• [Requirement]
What you output must match the entries exactly, apart from the pictures, which are left out.

• [Excerpted data]
☆ ☆ ☆ ☆ ☆
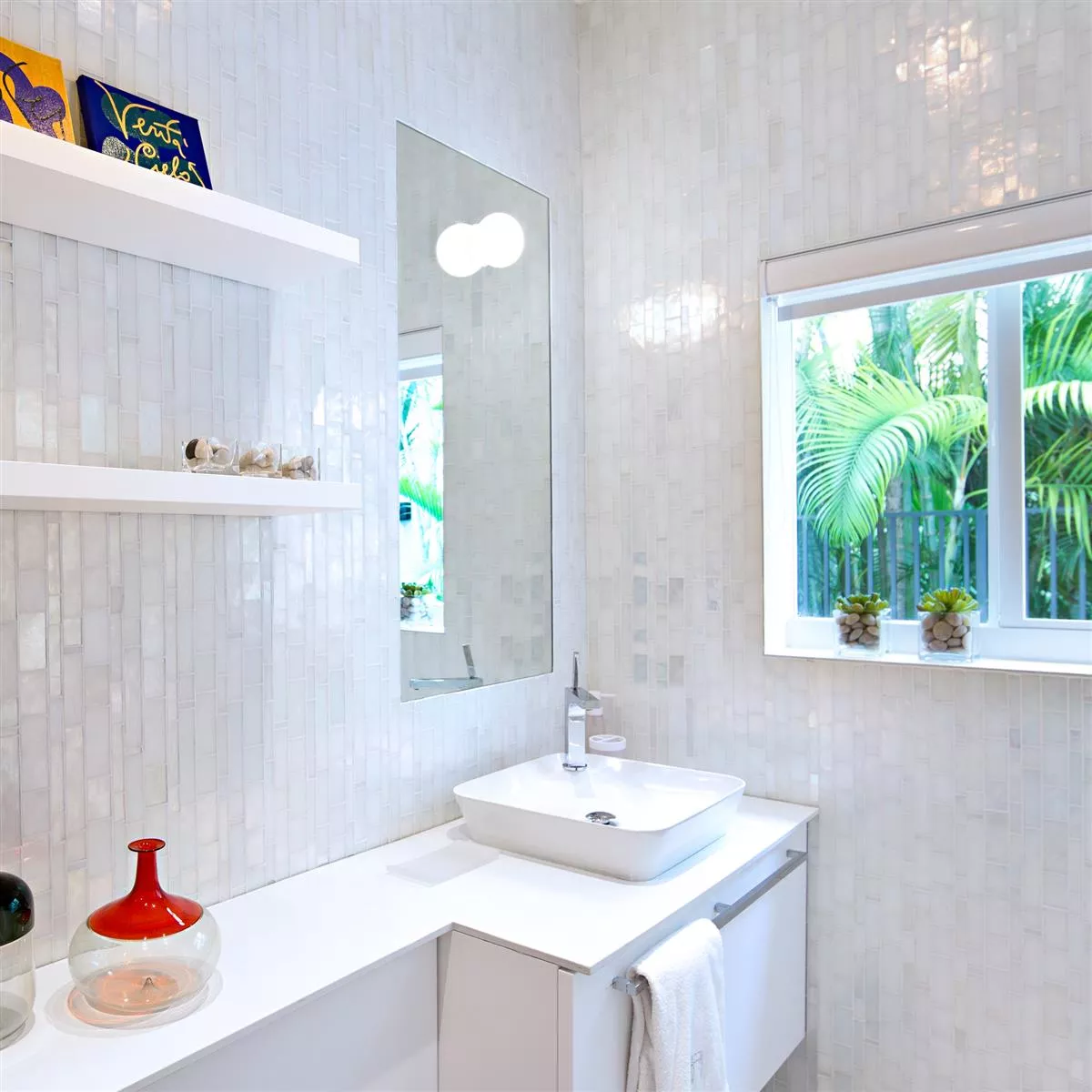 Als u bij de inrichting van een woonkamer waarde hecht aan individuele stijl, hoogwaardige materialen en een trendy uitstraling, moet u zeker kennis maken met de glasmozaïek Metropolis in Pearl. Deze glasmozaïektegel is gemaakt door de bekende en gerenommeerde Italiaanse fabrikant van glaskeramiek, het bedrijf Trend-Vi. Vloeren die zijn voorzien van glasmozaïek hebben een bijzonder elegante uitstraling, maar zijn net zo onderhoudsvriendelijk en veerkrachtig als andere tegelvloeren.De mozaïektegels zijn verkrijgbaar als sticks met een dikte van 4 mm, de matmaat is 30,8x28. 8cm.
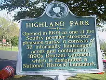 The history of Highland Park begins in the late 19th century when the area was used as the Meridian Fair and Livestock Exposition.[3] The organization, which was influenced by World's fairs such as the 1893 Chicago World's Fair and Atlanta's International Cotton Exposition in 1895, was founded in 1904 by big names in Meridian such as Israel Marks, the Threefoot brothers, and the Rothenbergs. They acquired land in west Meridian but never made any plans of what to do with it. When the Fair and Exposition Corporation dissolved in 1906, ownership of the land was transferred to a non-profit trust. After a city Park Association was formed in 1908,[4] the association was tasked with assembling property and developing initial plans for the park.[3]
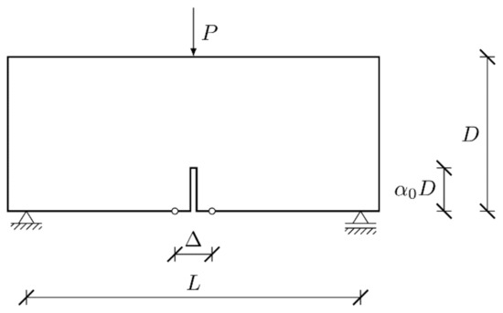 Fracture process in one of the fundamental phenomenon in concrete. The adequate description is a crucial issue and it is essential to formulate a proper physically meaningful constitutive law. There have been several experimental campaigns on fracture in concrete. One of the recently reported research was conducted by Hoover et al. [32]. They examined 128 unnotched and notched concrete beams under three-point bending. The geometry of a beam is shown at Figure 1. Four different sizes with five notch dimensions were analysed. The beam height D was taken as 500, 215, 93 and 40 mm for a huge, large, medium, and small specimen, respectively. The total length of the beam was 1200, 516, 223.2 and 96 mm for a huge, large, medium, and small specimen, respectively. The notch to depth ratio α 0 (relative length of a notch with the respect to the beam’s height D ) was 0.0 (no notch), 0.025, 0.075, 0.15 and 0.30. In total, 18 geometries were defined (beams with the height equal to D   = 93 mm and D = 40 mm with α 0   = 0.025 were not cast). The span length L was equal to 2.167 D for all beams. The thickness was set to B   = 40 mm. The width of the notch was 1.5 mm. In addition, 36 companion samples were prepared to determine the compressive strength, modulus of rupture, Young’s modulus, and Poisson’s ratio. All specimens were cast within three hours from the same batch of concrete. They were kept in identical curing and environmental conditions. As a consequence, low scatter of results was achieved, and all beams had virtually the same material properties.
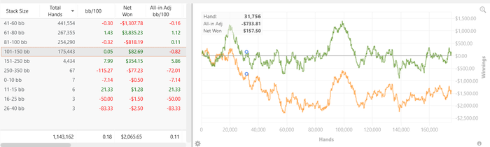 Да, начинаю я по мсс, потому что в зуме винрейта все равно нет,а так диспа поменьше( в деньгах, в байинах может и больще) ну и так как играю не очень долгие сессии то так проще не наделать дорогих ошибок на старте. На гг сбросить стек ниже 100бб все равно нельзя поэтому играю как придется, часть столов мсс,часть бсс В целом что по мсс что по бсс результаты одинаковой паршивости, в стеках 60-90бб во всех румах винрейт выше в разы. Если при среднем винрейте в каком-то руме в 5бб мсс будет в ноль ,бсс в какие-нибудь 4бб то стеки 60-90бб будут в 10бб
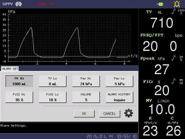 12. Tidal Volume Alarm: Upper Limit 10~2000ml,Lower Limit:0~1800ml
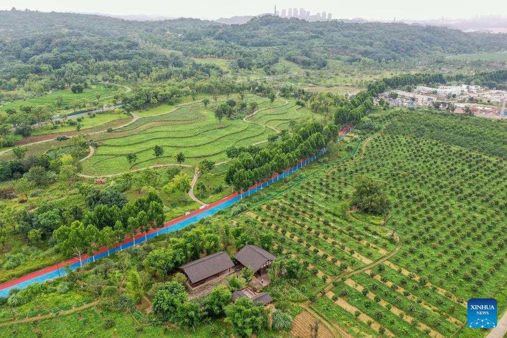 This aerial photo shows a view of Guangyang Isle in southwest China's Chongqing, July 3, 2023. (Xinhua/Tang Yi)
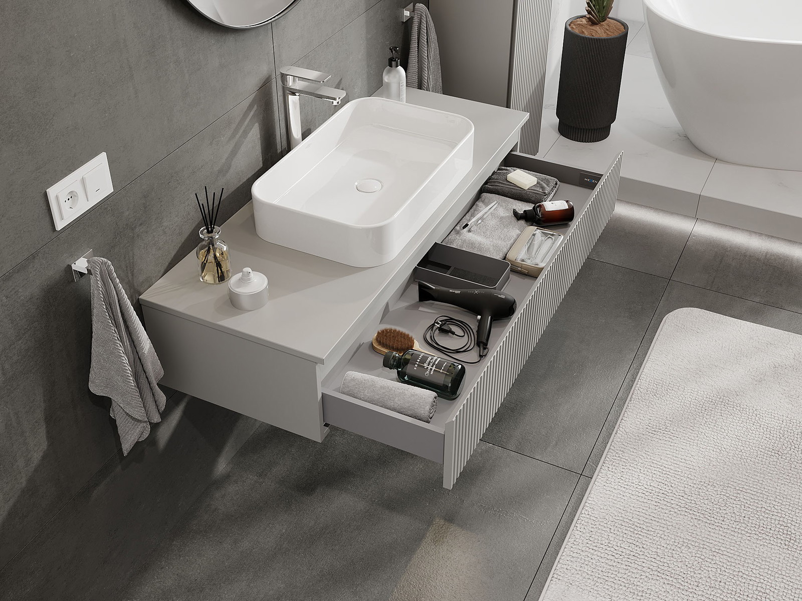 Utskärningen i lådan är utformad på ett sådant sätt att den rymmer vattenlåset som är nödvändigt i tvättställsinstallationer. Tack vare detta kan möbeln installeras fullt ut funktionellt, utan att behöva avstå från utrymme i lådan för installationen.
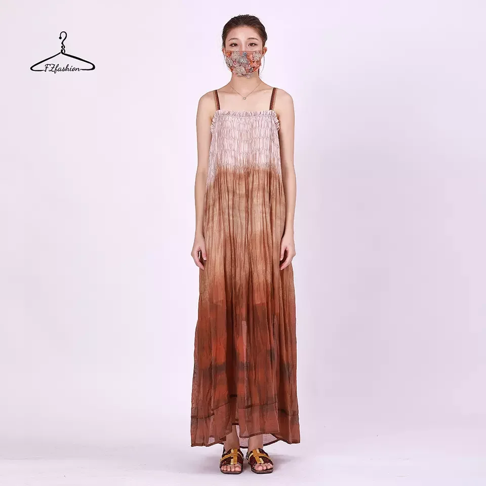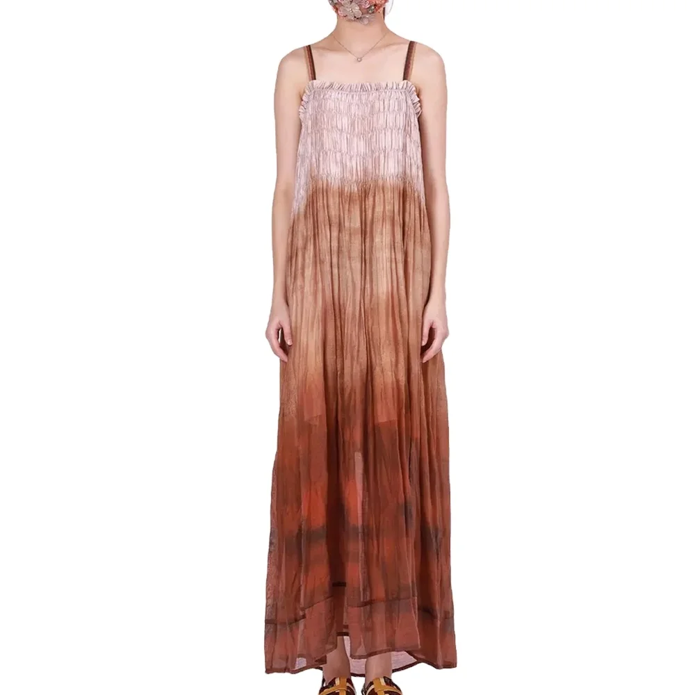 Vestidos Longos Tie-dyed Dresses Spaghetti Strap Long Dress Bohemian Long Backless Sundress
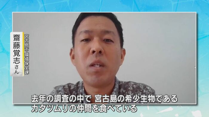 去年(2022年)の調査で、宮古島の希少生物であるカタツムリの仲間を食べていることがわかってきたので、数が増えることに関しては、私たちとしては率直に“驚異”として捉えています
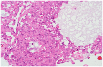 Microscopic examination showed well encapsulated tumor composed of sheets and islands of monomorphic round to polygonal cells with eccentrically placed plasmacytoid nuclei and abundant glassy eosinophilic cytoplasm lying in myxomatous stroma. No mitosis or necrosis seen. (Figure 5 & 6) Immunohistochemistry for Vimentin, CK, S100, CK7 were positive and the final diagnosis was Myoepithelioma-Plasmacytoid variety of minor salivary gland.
☆ ☆ ☆ ☆ ☆
• [Result below]
 Als u bij de inrichting van een woonkamer waarde hecht aan individuele stijl, hoogwaardige materialen en een trendy uitstraling, moet u zeker kennis maken met de glasmozaïek Metropolis in Pearl. Deze glasmozaïektegel is gemaakt door de bekende en gerenommeerde Italiaanse fabrikant van glaskeramiek, het bedrijf Trend-Vi. Vloeren die zijn voorzien van glasmozaïek hebben een bijzonder elegante uitstraling, maar zijn net zo onderhoudsvriendelijk en veerkrachtig als andere tegelvloeren.De mozaïektegels zijn verkrijgbaar als sticks met een dikte van 4 mm, de matmaat is 30,8x28. 8cm.
 The history of Highland Park begins in the late 19th century when the area was used as the Meridian Fair and Livestock Exposition.[3] The organization, which was influenced by World's fairs such as the 1893 Chicago World's Fair and Atlanta's International Cotton Exposition in 1895, was founded in 1904 by big names in Meridian such as Israel Marks, the Threefoot brothers, and the Rothenbergs. They acquired land in west Meridian but never made any plans of what to do with it. When the Fair and Exposition Corporation dissolved in 1906, ownership of the land was transferred to a non-profit trust. After a city Park Association was formed in 1908,[4] the association was tasked with assembling property and developing initial plans for the park.[3]
 Fracture process in one of the fundamental phenomenon in concrete. The adequate description is a crucial issue and it is essential to formulate a proper physically meaningful constitutive law. There have been several experimental campaigns on fracture in concrete. One of the recently reported research was conducted by Hoover et al. [32]. They examined 128 unnotched and notched concrete beams under three-point bending. The geometry of a beam is shown at Figure 1. Four different sizes with five notch dimensions were analysed. The beam height D was taken as 500, 215, 93 and 40 mm for a huge, large, medium, and small specimen, respectively. The total length of the beam was 1200, 516, 223.2 and 96 mm for a huge, large, medium, and small specimen, respectively. The notch to depth ratio α 0 (relative length of a notch with the respect to the beam’s height D ) was 0.0 (no notch), 0.025, 0.075, 0.15 and 0.30. In total, 18 geometries were defined (beams with the height equal to D   = 93 mm and D = 40 mm with α 0   = 0.025 were not cast). The span length L was equal to 2.167 D for all beams. The thickness was set to B   = 40 mm. The width of the notch was 1.5 mm. In addition, 36 companion samples were prepared to determine the compressive strength, modulus of rupture, Young’s modulus, and Poisson’s ratio. All specimens were cast within three hours from the same batch of concrete. They were kept in identical curing and environmental conditions. As a consequence, low scatter of results was achieved, and all beams had virtually the same material properties.
 Да, начинаю я по мсс, потому что в зуме винрейта все равно нет,а так диспа поменьше( в деньгах, в байинах может и больще) ну и так как играю не очень долгие сессии то так проще не наделать дорогих ошибок на старте. На гг сбросить стек ниже 100бб все равно нельзя поэтому играю как придется, часть столов мсс,часть бсс В целом что по мсс что по бсс результаты одинаковой паршивости, в стеках 60-90бб во всех румах винрейт выше в разы. Если при среднем винрейте в каком-то руме в 5бб мсс будет в ноль ,бсс в какие-нибудь 4бб то стеки 60-90бб будут в 10бб
 12. Tidal Volume Alarm: Upper Limit 10~2000ml,Lower Limit:0~1800ml
 This aerial photo shows a view of Guangyang Isle in southwest China's Chongqing, July 3, 2023. (Xinhua/Tang Yi)
 Utskärningen i lådan är utformad på ett sådant sätt att den rymmer vattenlåset som är nödvändigt i tvättställsinstallationer. Tack vare detta kan möbeln installeras fullt ut funktionellt, utan att behöva avstå från utrymme i lådan för installationen.
 Vestidos Longos Tie-dyed Dresses Spaghetti Strap Long Dress Bohemian Long Backless Sundress
 去年(2022年)の調査で、宮古島の希少生物であるカタツムリの仲間を食べていることがわかってきたので、数が増えることに関しては、私たちとしては率直に“驚異”として捉えています
 Microscopic examination showed well encapsulated tumor composed of sheets and islands of monomorphic round to polygonal cells with eccentrically placed plasmacytoid nuclei and abundant glassy eosinophilic cytoplasm lying in myxomatous stroma. No mitosis or necrosis seen. (Figure 5 & 6) Immunohistochemistry for Vimentin, CK, S100, CK7 were positive and the final diagnosis was Myoepithelioma-Plasmacytoid variety of minor salivary gland.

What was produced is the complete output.